- [What to work on]
Set the records down again in full, exactly as they are, apart from the images.

(Stored data)
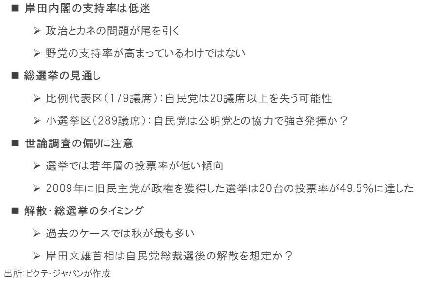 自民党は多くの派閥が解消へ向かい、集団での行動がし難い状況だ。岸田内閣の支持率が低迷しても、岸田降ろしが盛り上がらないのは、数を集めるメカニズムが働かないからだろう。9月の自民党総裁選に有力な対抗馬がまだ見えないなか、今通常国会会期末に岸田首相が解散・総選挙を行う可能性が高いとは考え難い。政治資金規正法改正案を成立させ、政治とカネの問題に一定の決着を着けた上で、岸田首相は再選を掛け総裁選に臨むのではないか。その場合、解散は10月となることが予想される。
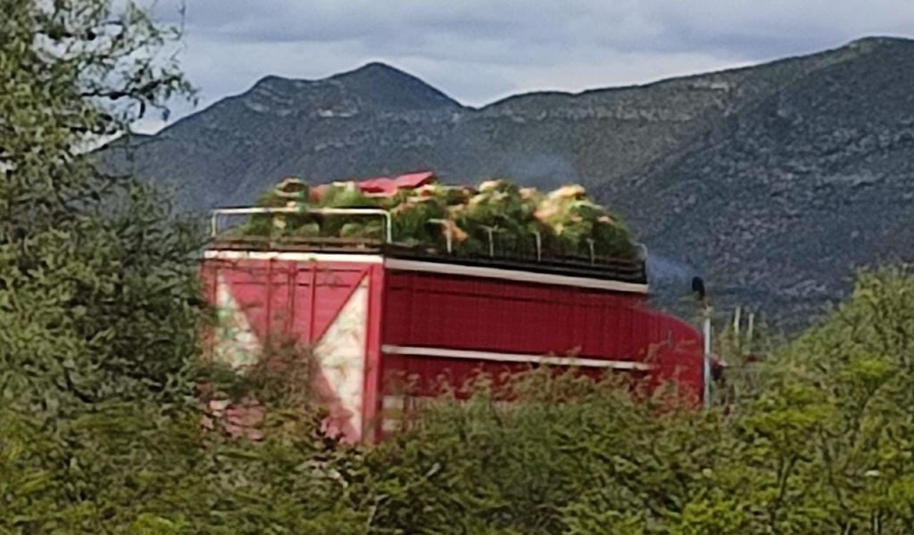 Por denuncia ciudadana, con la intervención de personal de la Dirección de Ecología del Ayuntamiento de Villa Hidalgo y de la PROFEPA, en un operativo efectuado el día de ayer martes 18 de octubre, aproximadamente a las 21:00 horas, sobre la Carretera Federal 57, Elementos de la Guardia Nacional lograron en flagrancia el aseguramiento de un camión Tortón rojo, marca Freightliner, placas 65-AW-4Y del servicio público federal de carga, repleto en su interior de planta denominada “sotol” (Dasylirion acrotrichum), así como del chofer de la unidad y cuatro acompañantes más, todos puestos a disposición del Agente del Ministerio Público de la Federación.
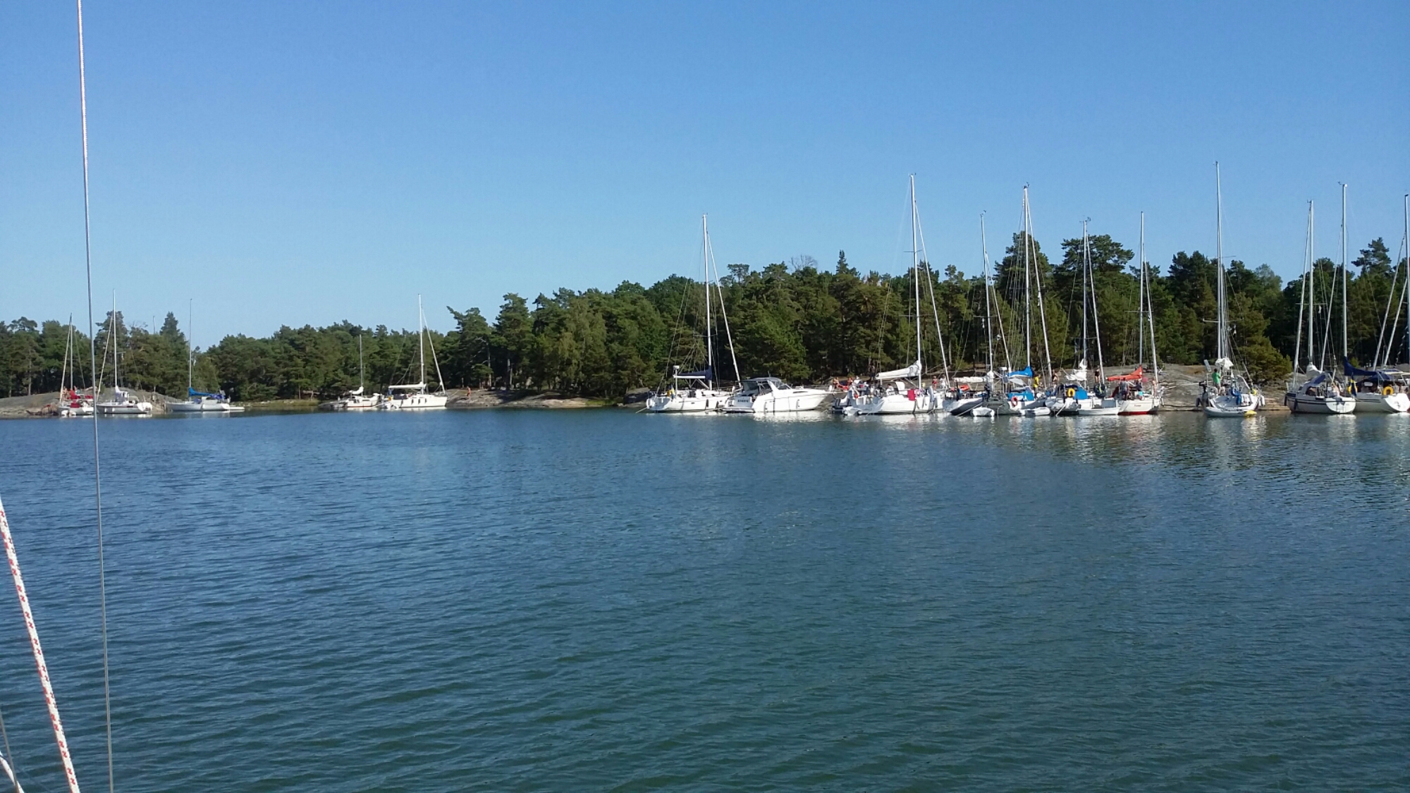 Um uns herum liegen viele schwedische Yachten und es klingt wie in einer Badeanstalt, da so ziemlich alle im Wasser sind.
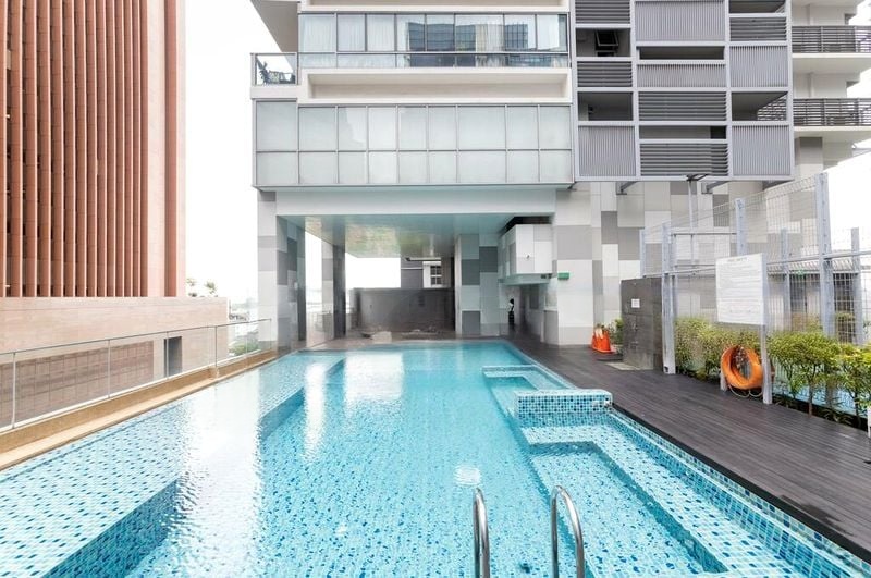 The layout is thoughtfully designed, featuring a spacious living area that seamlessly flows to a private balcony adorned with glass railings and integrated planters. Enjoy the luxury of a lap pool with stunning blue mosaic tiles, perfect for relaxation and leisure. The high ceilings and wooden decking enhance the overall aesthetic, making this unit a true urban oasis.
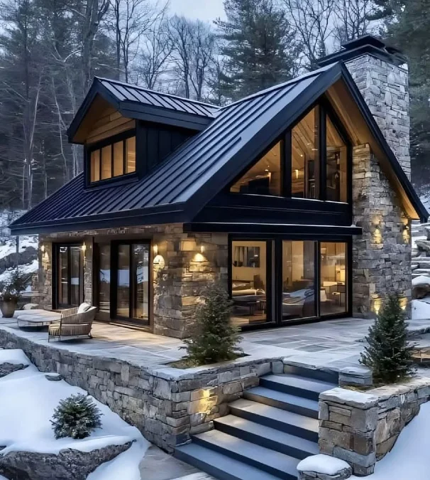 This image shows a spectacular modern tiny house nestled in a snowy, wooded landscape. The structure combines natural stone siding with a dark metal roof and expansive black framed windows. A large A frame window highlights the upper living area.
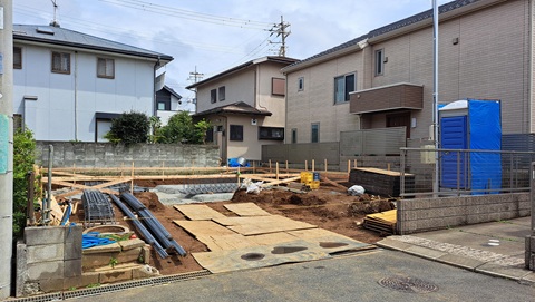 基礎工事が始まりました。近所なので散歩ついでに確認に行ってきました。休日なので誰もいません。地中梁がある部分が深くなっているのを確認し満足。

- [Solution to the exercise]
 自民党は多くの派閥が解消へ向かい、集団での行動がし難い状況だ。岸田内閣の支持率が低迷しても、岸田降ろしが盛り上がらないのは、数を集めるメカニズムが働かないからだろう。9月の自民党総裁選に有力な対抗馬がまだ見えないなか、今通常国会会期末に岸田首相が解散・総選挙を行う可能性が高いとは考え難い。政治資金規正法改正案を成立させ、政治とカネの問題に一定の決着を着けた上で、岸田首相は再選を掛け総裁選に臨むのではないか。その場合、解散は10月となることが予想される。
 Por denuncia ciudadana, con la intervención de personal de la Dirección de Ecología del Ayuntamiento de Villa Hidalgo y de la PROFEPA, en un operativo efectuado el día de ayer martes 18 de octubre, aproximadamente a las 21:00 horas, sobre la Carretera Federal 57, Elementos de la Guardia Nacional lograron en flagrancia el aseguramiento de un camión Tortón rojo, marca Freightliner, placas 65-AW-4Y del servicio público federal de carga, repleto en su interior de planta denominada “sotol” (Dasylirion acrotrichum), así como del chofer de la unidad y cuatro acompañantes más, todos puestos a disposición del Agente del Ministerio Público de la Federación.
 Um uns herum liegen viele schwedische Yachten und es klingt wie in einer Badeanstalt, da so ziemlich alle im Wasser sind.
 The layout is thoughtfully designed, featuring a spacious living area that seamlessly flows to a private balcony adorned with glass railings and integrated planters. Enjoy the luxury of a lap pool with stunning blue mosaic tiles, perfect for relaxation and leisure. The high ceilings and wooden decking enhance the overall aesthetic, making this unit a true urban oasis.
 This image shows a spectacular modern tiny house nestled in a snowy, wooded landscape. The structure combines natural stone siding with a dark metal roof and expansive black framed windows. A large A frame window highlights the upper living area.
 基礎工事が始まりました。近所なので散歩ついでに確認に行ってきました。休日なので誰もいません。地中梁がある部分が深くなっているのを確認し満足。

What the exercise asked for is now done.